The Securities and Exchange Commission has delayed making decisions on whether to allow the trading of altcoin spot ETFs giving investors exposure to Dogecoin and XRP.
Wall Street’s biggest regulator said Tuesday that it would wait until mid-June to decide next steps for Bitwise’s proposed Dogecoin ETF and Franklin Templeton’s potential XRP product.
Asset managers are now trying their luck to get an altcoin ETF listed following the success of the Bitcoin ETFs approved last year. And President Trump’s new crypto-friendly administration has asset managers more hopeful than before.
Bitwise, Franklin Templeton, Grayscale, 21Shares, CoinShares, and Canary Capital are among the firms that have filed paperwork to get new crypto ETFs—based on assets such as Solana, Litecoin, and Cardano—approved.
The SEC frequently pushes back when making decisions on proposed products like ETFs—or exchange-traded funds—which trade on stock exchanges and allow investors to buy shares tracking a particular security or commodity.

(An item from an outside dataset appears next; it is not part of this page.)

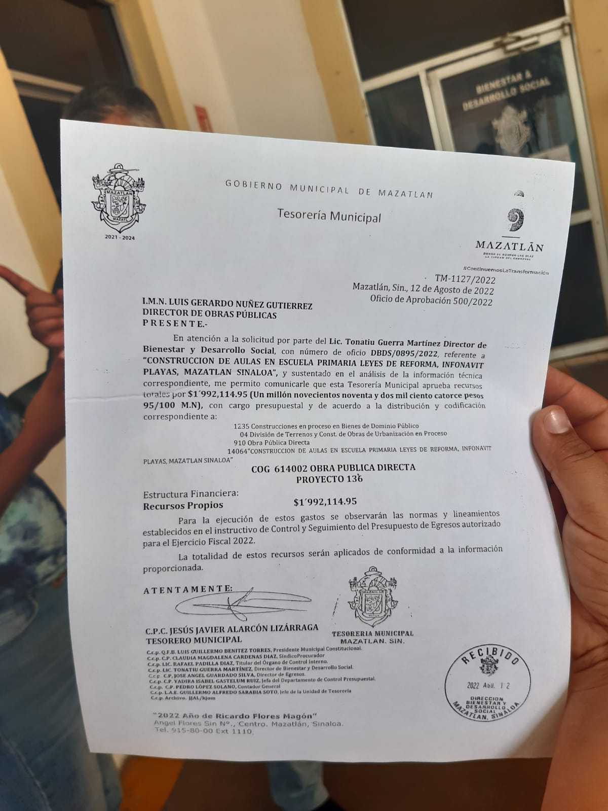 El director de Bienestar y Desarrollo Social, Tonatiu Guerra Martínez con el oficio de aprobación de la obra en mano, explicó que sí se les cumplió a los padres de familia.
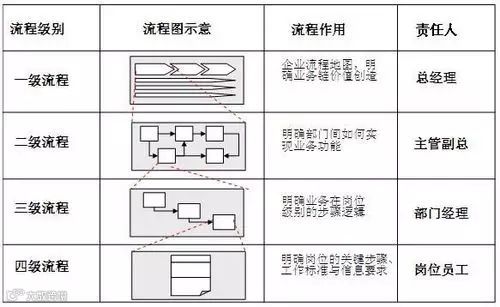 按照4级流程的划分,每级流程的作用与责任人有明显的差异,第一级,通常又称为企业流程地图,如电信行业的ETOM(Enhanced Telecom Operations Map)模型,第一级流程的负责人是企业总经理;第二级称为部门级流程,描述一个工作在不同部门之间是如何完成的,责任人是主管副总;第三级是岗位级流程,在岗位级别描述一个客户需求或内部需求是如何在部门内或企业内被完成的,责任人是部门经理;第四级是岗位内流程,着重于岗位内的表单与工作步骤等内容,责任人是岗位员工。

Dogecoin and XRP both run on their own blockchains and are popular with traders: DOGE is the eighth-biggest cryptocurrency by market cap, while XRP is the fourth-largest. And both assets are in the top 10 most traded cryptocurrencies over a 24-hour period.
But despite their popularity, it isn’t clear whether ETFs giving investors exposure to such products will be successful: Investment vehicles built around Ethereum, the second biggest coin, were approved last year and have not experienced the same level of trading action as their Bitcoin counterparts.